─── ENTRIES SHOWN

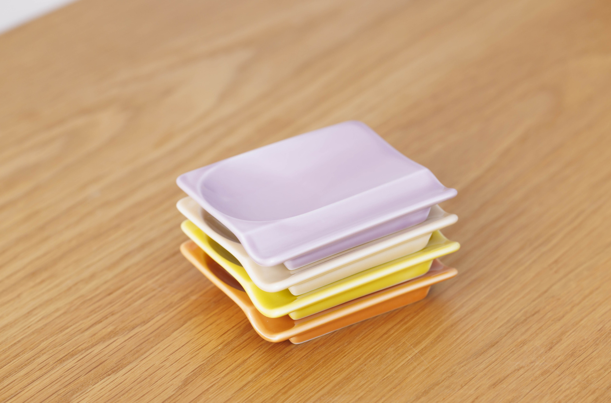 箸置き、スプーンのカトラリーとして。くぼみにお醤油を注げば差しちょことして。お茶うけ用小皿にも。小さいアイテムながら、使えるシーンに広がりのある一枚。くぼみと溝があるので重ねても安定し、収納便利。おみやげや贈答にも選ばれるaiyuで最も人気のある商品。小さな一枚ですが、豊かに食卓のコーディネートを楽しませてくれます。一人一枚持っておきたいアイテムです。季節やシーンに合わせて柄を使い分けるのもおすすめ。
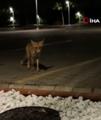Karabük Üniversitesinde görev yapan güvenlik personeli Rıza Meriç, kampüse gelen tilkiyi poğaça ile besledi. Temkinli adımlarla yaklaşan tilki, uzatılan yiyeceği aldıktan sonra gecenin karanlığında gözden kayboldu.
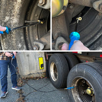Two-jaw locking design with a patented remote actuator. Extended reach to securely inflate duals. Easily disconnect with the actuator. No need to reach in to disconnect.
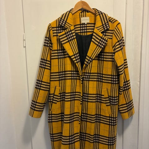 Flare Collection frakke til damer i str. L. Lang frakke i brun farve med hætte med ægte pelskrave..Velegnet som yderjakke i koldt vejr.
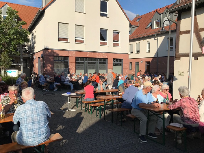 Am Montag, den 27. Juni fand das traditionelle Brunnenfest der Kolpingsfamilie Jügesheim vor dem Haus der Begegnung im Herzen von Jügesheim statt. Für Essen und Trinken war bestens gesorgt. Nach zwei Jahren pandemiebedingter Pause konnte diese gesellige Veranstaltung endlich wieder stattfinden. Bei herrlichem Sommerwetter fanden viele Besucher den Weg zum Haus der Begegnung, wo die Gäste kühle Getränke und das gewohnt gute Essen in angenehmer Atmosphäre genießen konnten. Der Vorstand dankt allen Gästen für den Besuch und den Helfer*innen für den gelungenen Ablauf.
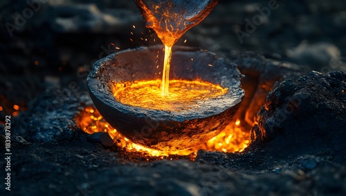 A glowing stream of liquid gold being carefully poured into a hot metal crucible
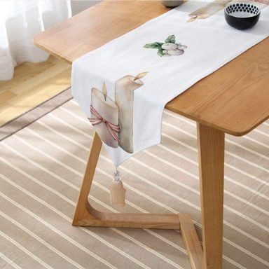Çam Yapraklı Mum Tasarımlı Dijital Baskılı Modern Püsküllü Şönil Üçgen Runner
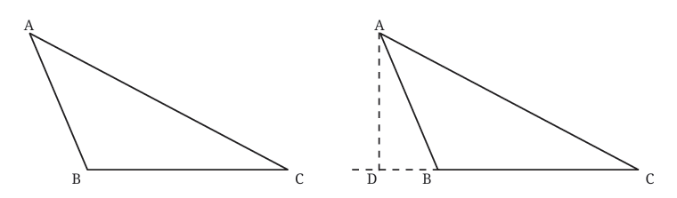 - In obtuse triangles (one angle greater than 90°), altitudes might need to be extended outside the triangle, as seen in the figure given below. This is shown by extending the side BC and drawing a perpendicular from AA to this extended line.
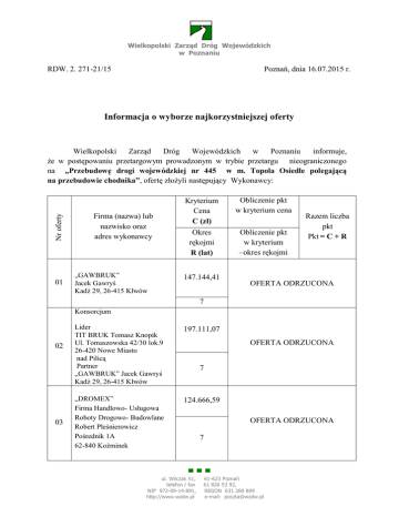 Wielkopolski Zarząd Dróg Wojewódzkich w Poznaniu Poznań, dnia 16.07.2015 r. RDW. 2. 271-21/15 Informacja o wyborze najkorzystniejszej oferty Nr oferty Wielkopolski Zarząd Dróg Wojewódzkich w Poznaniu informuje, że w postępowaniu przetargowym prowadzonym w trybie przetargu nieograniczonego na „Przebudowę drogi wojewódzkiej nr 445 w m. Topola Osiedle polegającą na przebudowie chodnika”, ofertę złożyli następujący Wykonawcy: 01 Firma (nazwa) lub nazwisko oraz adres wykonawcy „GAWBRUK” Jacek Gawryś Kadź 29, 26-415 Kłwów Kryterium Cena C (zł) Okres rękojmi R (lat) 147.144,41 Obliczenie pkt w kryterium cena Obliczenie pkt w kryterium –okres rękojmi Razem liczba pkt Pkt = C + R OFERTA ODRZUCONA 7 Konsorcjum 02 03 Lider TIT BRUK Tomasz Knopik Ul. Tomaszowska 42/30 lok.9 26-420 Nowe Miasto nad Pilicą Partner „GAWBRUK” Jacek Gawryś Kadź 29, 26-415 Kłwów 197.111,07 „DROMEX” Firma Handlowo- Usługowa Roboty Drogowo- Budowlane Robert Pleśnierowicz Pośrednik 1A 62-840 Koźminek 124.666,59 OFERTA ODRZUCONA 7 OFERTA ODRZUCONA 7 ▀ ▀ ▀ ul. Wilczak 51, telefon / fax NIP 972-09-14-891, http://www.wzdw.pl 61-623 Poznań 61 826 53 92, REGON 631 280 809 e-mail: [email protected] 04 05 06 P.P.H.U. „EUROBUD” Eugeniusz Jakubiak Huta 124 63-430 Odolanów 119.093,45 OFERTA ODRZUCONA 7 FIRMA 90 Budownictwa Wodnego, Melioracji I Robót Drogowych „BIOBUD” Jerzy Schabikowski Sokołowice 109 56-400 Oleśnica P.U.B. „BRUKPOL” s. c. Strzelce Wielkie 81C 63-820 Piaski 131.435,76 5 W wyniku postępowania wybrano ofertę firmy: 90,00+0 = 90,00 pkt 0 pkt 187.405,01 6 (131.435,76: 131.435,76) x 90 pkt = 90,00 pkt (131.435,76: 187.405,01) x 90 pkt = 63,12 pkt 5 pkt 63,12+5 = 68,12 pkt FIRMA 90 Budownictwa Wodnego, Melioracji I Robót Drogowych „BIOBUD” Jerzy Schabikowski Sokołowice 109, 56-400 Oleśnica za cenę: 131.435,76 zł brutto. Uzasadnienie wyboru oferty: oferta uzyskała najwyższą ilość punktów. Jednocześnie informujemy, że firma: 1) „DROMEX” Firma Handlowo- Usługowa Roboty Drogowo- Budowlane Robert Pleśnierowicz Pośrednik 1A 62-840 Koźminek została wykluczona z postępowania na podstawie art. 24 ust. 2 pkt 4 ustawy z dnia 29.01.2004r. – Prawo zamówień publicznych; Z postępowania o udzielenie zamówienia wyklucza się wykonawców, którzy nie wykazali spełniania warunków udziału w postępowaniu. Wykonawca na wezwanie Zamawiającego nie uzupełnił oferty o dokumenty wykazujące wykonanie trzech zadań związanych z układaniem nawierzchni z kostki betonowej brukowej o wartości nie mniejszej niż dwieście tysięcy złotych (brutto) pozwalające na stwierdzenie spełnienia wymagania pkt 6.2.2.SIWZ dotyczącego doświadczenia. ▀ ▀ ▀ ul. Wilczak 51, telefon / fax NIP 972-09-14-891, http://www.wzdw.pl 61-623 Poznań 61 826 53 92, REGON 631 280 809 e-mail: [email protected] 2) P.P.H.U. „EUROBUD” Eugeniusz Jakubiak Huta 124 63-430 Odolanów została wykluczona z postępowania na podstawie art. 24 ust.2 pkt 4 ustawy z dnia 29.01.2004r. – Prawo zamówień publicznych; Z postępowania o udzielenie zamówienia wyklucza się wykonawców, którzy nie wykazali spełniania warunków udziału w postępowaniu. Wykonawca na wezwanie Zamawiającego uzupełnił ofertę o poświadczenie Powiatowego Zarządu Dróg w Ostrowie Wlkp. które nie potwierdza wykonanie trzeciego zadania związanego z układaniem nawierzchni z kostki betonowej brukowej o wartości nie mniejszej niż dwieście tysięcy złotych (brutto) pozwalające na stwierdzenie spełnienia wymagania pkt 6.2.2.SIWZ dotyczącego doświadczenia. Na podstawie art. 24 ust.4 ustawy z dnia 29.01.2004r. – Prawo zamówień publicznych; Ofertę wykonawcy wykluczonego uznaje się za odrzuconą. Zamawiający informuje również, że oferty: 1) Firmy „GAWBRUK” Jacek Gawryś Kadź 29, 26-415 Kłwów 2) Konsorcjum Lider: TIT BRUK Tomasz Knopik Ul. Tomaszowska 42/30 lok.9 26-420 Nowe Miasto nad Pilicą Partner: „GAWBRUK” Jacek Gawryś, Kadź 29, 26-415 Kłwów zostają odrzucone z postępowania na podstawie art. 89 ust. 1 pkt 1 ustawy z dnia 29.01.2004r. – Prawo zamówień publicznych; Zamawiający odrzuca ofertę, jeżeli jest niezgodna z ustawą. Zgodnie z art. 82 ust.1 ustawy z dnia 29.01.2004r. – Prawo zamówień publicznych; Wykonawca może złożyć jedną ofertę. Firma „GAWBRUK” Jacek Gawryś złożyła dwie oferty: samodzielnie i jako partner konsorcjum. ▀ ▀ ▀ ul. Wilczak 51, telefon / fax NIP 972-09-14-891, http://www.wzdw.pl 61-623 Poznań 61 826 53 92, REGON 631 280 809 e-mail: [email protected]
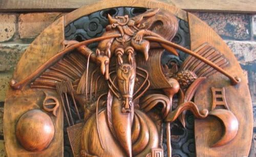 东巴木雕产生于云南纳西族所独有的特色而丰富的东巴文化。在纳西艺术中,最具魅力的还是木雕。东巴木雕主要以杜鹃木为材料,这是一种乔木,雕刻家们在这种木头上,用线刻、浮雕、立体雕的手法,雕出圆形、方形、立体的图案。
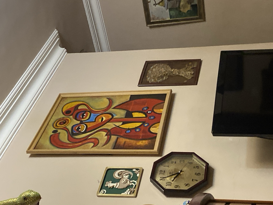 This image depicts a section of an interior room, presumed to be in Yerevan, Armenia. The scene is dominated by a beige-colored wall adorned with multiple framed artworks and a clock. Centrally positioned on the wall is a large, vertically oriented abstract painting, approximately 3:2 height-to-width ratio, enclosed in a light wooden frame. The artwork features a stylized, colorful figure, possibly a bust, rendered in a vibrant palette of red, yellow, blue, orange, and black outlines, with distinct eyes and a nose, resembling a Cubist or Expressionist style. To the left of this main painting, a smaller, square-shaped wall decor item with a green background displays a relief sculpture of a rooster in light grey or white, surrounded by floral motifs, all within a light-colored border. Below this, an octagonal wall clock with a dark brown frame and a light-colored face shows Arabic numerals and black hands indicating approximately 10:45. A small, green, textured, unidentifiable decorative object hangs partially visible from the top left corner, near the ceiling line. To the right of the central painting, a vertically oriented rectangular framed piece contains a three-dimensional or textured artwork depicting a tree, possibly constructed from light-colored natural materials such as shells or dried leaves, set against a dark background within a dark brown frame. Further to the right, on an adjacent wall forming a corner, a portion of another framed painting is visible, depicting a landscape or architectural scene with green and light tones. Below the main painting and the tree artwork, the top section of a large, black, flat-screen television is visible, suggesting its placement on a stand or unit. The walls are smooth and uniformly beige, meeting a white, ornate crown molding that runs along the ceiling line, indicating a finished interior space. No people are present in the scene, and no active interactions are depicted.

──────

Excerpt from the records above: set down only the lines from the one that contains "Am Montag, den" through the one that contains "- In obtuse", inclusive, word for word. Pictures stay out.

 Am Montag, den 27. Juni fand das traditionelle Brunnenfest der Kolpingsfamilie Jügesheim vor dem Haus der Begegnung im Herzen von Jügesheim statt. Für Essen und Trinken war bestens gesorgt. Nach zwei Jahren pandemiebedingter Pause konnte diese gesellige Veranstaltung endlich wieder stattfinden. Bei herrlichem Sommerwetter fanden viele Besucher den Weg zum Haus der Begegnung, wo die Gäste kühle Getränke und das gewohnt gute Essen in angenehmer Atmosphäre genießen konnten. Der Vorstand dankt allen Gästen für den Besuch und den Helfer*innen für den gelungenen Ablauf.
 A glowing stream of liquid gold being carefully poured into a hot metal crucible
Çam Yapraklı Mum Tasarımlı Dijital Baskılı Modern Püsküllü Şönil Üçgen Runner
 - In obtuse triangles (one angle greater than 90°), altitudes might need to be extended outside the triangle, as seen in the figure given below. This is shown by extending the side BC and drawing a perpendicular from AA to this extended line.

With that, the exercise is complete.